→ EXERCISE INSTRUCTIONS:
The reply should hold only the lines from the one with "4、用鼠標(biāo)點擊瀏" to the one with "구축함 강감찬함이 해상 실사격 훈련을 하고 있다. (사진=해군) |", both ends kept, exactly as they appear below, without any pictures.

START GIVEN INFORMATION

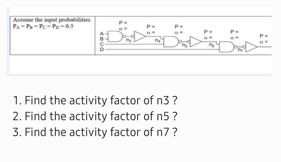 Solved 1. Find the activity factor of n3 ? 2. Find the | Chegg.com
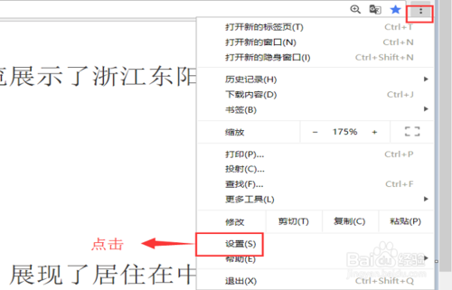 4、用鼠標(biāo)點擊瀏覽器右上角的按鈕,然后選擇設(shè)置,進(jìn)入設(shè)置界面之后,點擊“高級”,如圖所示。
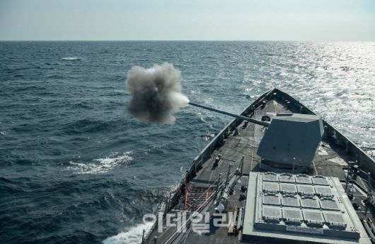 구축함 강감찬함이 해상 실사격 훈련을 하고 있다. (사진=해군) |
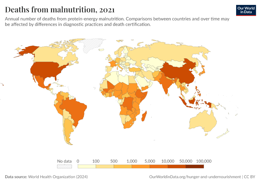 World Health Organization (2024) – with major processing by Our World in Data. “Deaths from malnutrition” [dataset]. World Health Organization, “Global Health Estimates” [original data]. Retrieved March 10, 2026 from https://who-regions.owid.pages.dev:8789/20260304-094028/grapher/deaths-from-malnutrition-ghe.html (archived on March 4, 2026).

END GIVEN INFORMATION

→ COMPLETED EXERCISE:
 4、用鼠標(biāo)點擊瀏覽器右上角的按鈕,然后選擇設(shè)置,進(jìn)入設(shè)置界面之后,點擊“高級”,如圖所示。
 구축함 강감찬함이 해상 실사격 훈련을 하고 있다. (사진=해군) |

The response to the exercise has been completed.